Once Entity Framework was released few months ago, the first question in my mind was: why Microsoft released a new version of EF6 when the main new branch is EF Core?
What the necessity that force the team to release a new version could be?
Well, EF 6.2 contains a bunch of new improvements, for example now we are able to use the DbFunctions.Like() in our LINQ query, that will be translated to the SQL LIKE.
But in my opinion, the principal enhancement is the startup time speedup, reached through the generation of a persistent cache of the code first models; this feature has been implemented by providing a specific configuration of the DbContext, that once enabled will save the serialized models in a local edmx file, that will be used by the framework at the startup.
Configuration
The configuration is very simple and consists to create a new class in the same assembly of the context, derive the new base class DbConfiguration and define the edmx location in the class constructor:
public class CoreContextConfiguration : DbConfiguration { public CoreContextConfiguration() : base() { var modelStoreDir = AppDomain.CurrentDomain.BaseDirectory + @"\edmx\"; if (!Directory.Exists(modelStoreDir)) Directory.CreateDirectory(modelStoreDir); this.SetModelStore(new DefaultDbModelStore(modelStoreDir)); } }
In the first row I retrieve the base assembly directory and I append the edmx path.
Then I check if the directory exists, otherwise I create it.
The last step is set the context model store with a new object of type DefaultModelStore, instantiated with the parameter of the edmx path.

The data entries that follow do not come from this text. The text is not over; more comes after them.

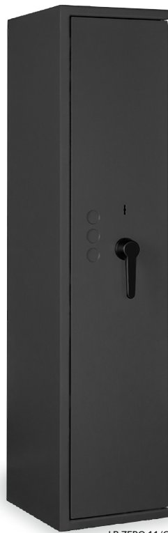
LB ZERO 11/C
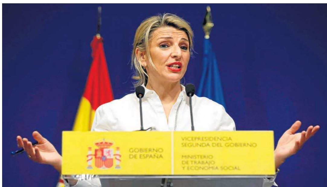
Yolanda Díaz, en su comparecencia ayer para informar sobre la negociación sobre el salario mínimo.

Díaz señaló a los periodistas que subir el salario mínimo interprofesional, una medida que beneficia a dos millones de trabajadores, es “una de las mejores herramientas para avanzar en la
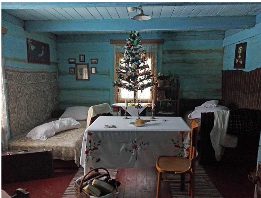
Zdj. 6. Muzeum Wsi Radomskiej, Wystrój chaty bogatego chłopca - Święta Bożego Narodzenia
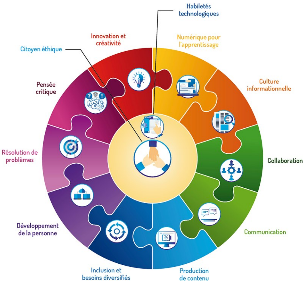
Figure 1 Représentation graphique du Cadre de référence de la compétence numérique

Le Cadre de référence de la compétence numérique a été alimenté par une analyse systématique de plus de 70 référentiels de compétences informationnelles et numériques du 21 e siècle provenant du monde entier. Tout en tirant parti de la richesse des travaux existants, il s'appuie sur une étude des tendances émergentes du numérique en éducation. Par rapport aux documents publiés à l'international, ce projet innove par sa compréhension globale de la compétence numérique. De plus, le choix de concevoir une seule compétence numérique facilite son intégration dans tout autre référentiel ou document se rapportant à l'enseignement et à l'apprentissage. Sur cette base, le Cadre se décline en 12 dimensions phares avec, comme dimensions centrales, Agir en citoyen éthique à l'ère du numérique et Développer et mobiliser ses habiletés technologiques autour desquelles s'articulent les autres dimensions (Figure 1).
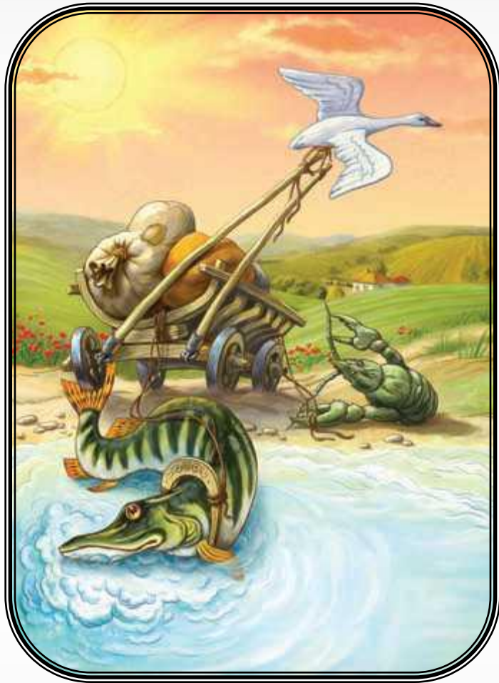
Лебедь, Щука и Рак
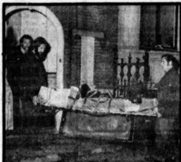
Twee maanden geleden werd het lijk van een jonge Duitser in een kraakpand gevonden. Heroïne...

Dit is het eerste deel van een grote reportage over heroïne. Een hard drug. Tot voor kort onbekend in Nederland. Nu al duizenden verslaafden.
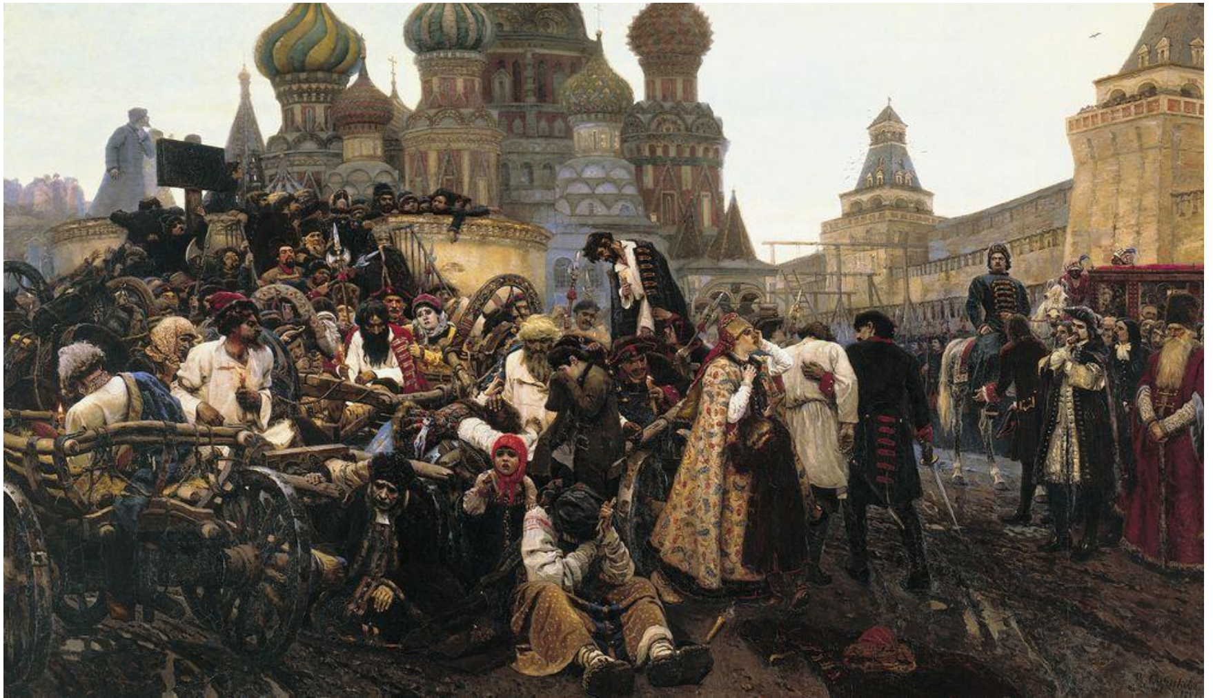
Утро стрелецкой казни. Художник В. И. Суриков
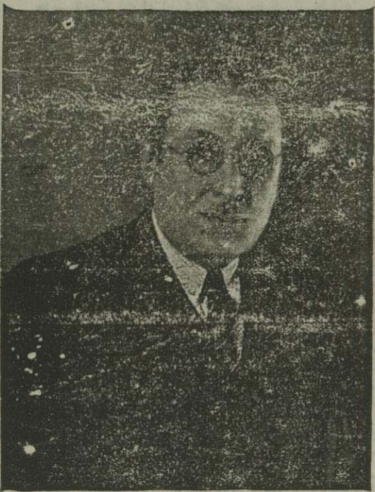
جناب اشرف آقان نخست وزیر
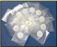
ORTHOREBIRTH株式会社 (フナコシ株式会社より販売)
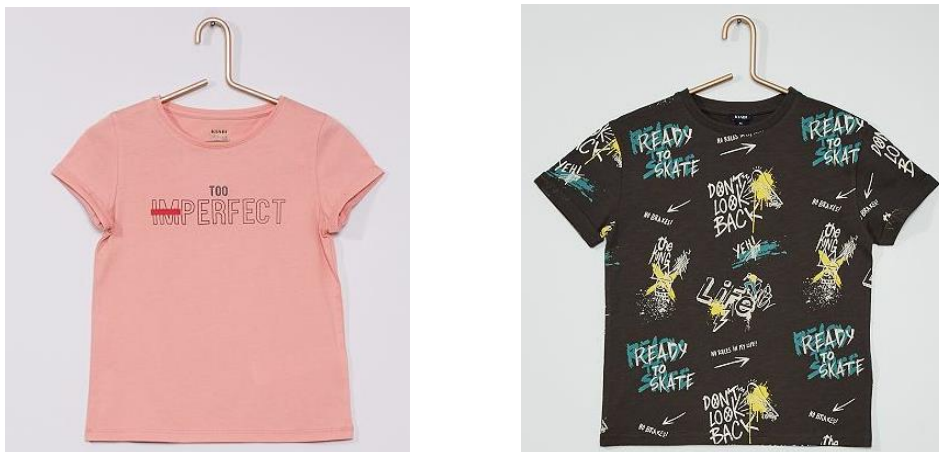
Fig. 1.: Camiseta de niña y camiseta de niño.

Esto se hace notar en el día a día de las personas de varias maneras, comenzando por la distinción de la ropa, en las tiendas no se logrará ver en ningún momento otra clasificación distinta a la de las secciones de “ropa de mujer” y “ropa de hombre”, incluso en la sección de “ropa de niño” podemos ver que la ropa está clasificada por el mismo patrón. Siguiendo el ejemplo de la vestimenta, los colores tienen una gran importancia a la hora de separar lo que es de niña o lo que es de niño, la ropa de las niñas normalmente está plagada de vestidos y camisetas de color rosa, morado o blanco, mientras que en la de los niños se opta por ropa de color azul, rojo o amarillo. Siguiendo la temática textil, también podemos ver que la ropa de los niños está llena de mensajes y dibujos motivadores, con superhéroes o frases que llaman la atención, mientras que la ropa de las niñas se basa en camisetas sin mensaje o, si tienen, están direccionados hacia la moda y la belleza.
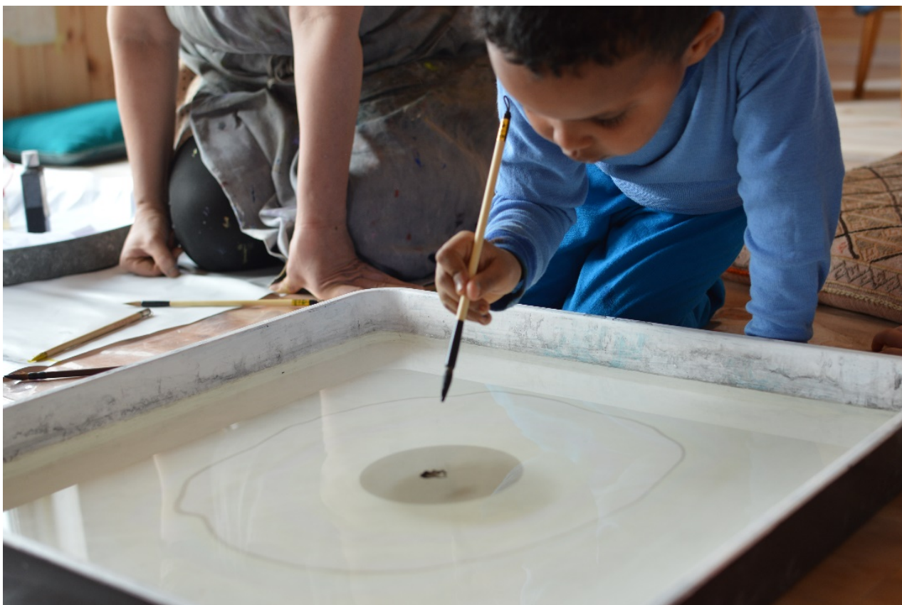
Barnehage på besøk i kunstners atelier.

Barnehager, småskoletrinn og kulturskoler kunne søke deltagelse for utvikling av lokale samarbeidsmodeller i sine kommuner. 42 kommuner søkte om deltagelse. Følgende ble valgt ut av styringsgruppen: Kristiansand, Fredrikstad, Nye Øygarden, Røros, Sunnfjord og Målselv. Kommunene får gjennom deltagelse i prosjektet et kunstmøte og et kompetansehevingstiltak pr. år. Kommunene kom med sine ønsker knyttet til kunstuttrykk og tema. Prosjektgruppen engasjerte kunstnere, utøvere og foredragsholdere, som har bidratt med kompetanseheving og kunstmøter.

After that my configuration is ready and I can check that the edmx file is generated with a test method.
Test
I create a new class library and I implement a simple test method:
[TestFixture] public class ContextTest { [Test] public async Task CreateBlogs() { using (var db = new CoreContext()) { for (int i = 0; i < 1000; i++) { var blog = new Blog() { Name = "Test" }; db.Blogs.Add(blog); } await db.SaveChangesAsync(); } } }
After running the method, if my configuration is good, I’ll find the edmx file in my assembly directory:
Performance improvements
The startup time is always been the main defect of Entity Framework.
With this improvement, just to get an idea, we can refer to the link of the GitHub issue referenced above; with a context of over than 600 models, the startup time is dropped from 12/14 seconds to 2 seconds….
We are talking about completely different performance, even because this is one of the main reasons that a new version of EF6 was released.